The coconut is the fruit of a palm tree, known as “Cocos nucifera”, native to the tropical regions of the world. The scientific name of the coconut palm is derived from 16th century Portuguese and Spanish “cocos”, meaning “grinning face” or “monkey face” because the three indentations (eyes) on the hairy nut resembles the head and face of a monkey or human.
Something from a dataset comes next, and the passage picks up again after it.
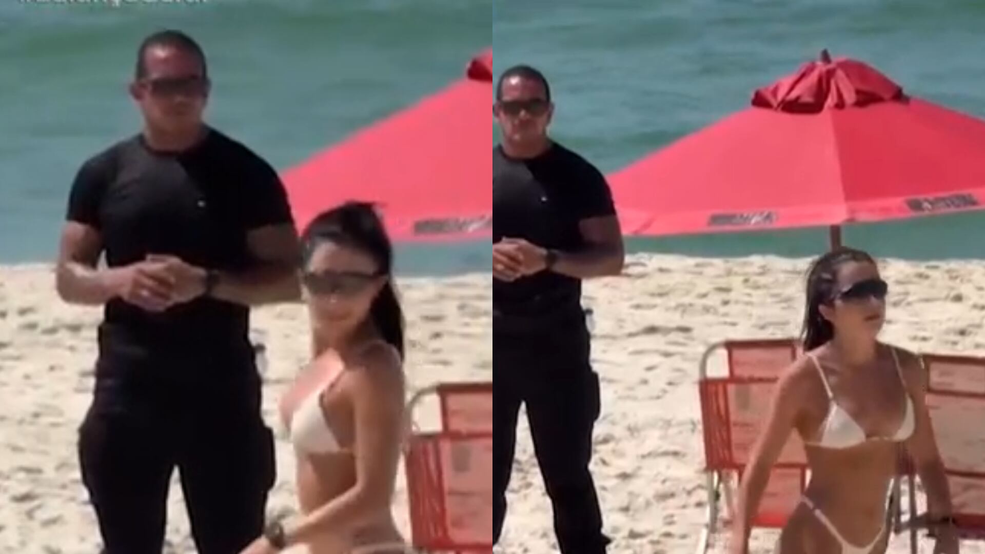 ‘Influenciadora’ chamou atenção ao aparecer acompanhada de escolta enquanto treinava futevôlei no Rio de Janeiro

The Latin “nucifera” means “nut-bearing.”
The coconut is actually not a tree nut, but belongs to a class of fruits called known as “drupes“. Some common examples of flowering plants that produce drupes are coffee, mango, most palms (including date and oil palms), pistachio, almond, cherry, nectarine, peach and plum.
Cultures that co-evolved with indigenous populations of coconut trees learned to use this fruit to treat a number of conditions such as: abscesses, asthma, baldness, bronchitis, bruises, burns, colds, constipation, cough, dropsy, dysentery, earache, fever, flu, gingivitis, gonorrhea, irregular or painful menstruation, jaundice, kidney stones, lice, malnutrition, nausea, rash, scabies, scurvy, skin infections, sore throat, swelling, syphilis, toothache, tuberculosis, tumors, typhoid, ulcers, upset stomach, weakness, and wounds.
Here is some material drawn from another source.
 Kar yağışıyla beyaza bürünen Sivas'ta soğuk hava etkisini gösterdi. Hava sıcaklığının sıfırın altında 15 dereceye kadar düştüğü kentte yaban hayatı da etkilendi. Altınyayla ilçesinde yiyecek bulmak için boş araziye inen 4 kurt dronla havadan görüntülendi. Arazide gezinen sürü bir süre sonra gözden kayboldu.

More and more of this indigenous knowledge has been confirmed as of late by western medicine. The Coconut Research Center has done an excellent job of compiling relevant scholarly articles on this matter.
Five Reasons to Eat More Coconut
Coconut Water: Some people may call this coconut juice or even coconut milk. Coconut water is actually the clear, watery liquid found within a young coconut. Coconut milk is juice extracted from the coconut meat. Coconut milk is roughly the consistency of dairy milk, is filled with fats and actually has a cream that will rise to the top. If you happen to live near an Asian market you’re likely to find both canned coconut water (or synonymously “coconut juice”) and coconut milk on the shelves if you’re curious to experience the difference for yourself.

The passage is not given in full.